It was perhaps the most important voting rights case the U.S. Supreme Court would decide since the passage of the Voting Rights Act.
A federal judge in Alabama had upended Mobile’s city government in October 1976, striking down the at-large elections that ensured that white candidates held every elected office in the city with a large Black population and replacing them with geographic districts, opening the possibility of equitable Black representation in one of the nation’s most segregated cities. That opportunity was denied by the Supreme Court.
Now never-before-seen letters and memos show that behind the scenes at the court, Justice Lewis Powell, an influential jurist with an undeserved reputation for decency and moderation, used wildly racist code words on the court’s letterhead as he strenuously—and successfully—drove a decision in City of Mobile v. Bolden four years later that would overturn the lower court and reinstate a system that reliably produced all-white rule.

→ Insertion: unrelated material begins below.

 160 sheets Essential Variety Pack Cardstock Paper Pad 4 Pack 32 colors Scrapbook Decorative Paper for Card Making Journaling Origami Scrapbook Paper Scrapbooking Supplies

Should his side not prevail, and should districts replace at-large systems nationwide, Powell warned Justice Potter Stewart in a barely coded racist letter from Feb. 28, 1980, “our cities could become jungles.”
It is startling, even horrifying, to turn the pages of an archival folder in a beautiful Yale research library and come across such incendiary and racist language on official Supreme Court letterhead and dated during one’s own lifetime. What’s perhaps more horrifying is that Powell’s thinking in the Mobile case shaped a young John Roberts, who would years later become the chief justice of the United States and defined the early chapters of Roberts’ lifelong efforts to unravel voting rights from the bench.

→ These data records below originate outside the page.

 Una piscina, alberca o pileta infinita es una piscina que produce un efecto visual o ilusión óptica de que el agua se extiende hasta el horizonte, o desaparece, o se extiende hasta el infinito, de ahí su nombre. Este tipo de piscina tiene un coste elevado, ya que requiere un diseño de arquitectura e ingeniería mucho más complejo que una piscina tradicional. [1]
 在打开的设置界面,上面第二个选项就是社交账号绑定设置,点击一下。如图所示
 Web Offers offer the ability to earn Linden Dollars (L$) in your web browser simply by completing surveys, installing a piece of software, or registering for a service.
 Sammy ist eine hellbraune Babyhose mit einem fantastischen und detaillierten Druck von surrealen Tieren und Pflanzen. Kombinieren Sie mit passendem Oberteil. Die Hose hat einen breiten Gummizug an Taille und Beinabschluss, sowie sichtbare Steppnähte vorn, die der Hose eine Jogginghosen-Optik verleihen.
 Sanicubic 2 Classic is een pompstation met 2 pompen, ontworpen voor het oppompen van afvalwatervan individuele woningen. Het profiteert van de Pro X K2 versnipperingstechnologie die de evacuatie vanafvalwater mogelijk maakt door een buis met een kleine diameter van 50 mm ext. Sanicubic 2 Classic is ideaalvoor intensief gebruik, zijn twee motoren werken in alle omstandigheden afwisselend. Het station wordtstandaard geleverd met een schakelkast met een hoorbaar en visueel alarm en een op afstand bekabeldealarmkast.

By the 1970s, Mobile, Alabama’s second-largest city, had become a symbol of urbanized Jim Crow rule as one of the most segregated cities in the nation. Many of Mobile’s neighborhoods were either 100 percent white or entirely Black.
Another city fixture that was entirely white: Mobile’s City Council. Black residents made up one-third of the city’s population, but because Mobile elected its three-member council via at-large elections, the white majority had controlled the mayor’s office and every seat on the council for a century. The at-large elections, one of the oldest tricks to preserve white supremacy, which exploded in popularity across the South after the Civil War, ensured that when whites banded together—as they did in Mobile—they would not need to share any power with Black or other minority voters. With that power base established, all the familiar machinery of Southern segregation swung into action: 100 percent white councils would budget 100 percent white neighborhoods and the vast majority of city resources, from park budgets to schools, public works, and public safety.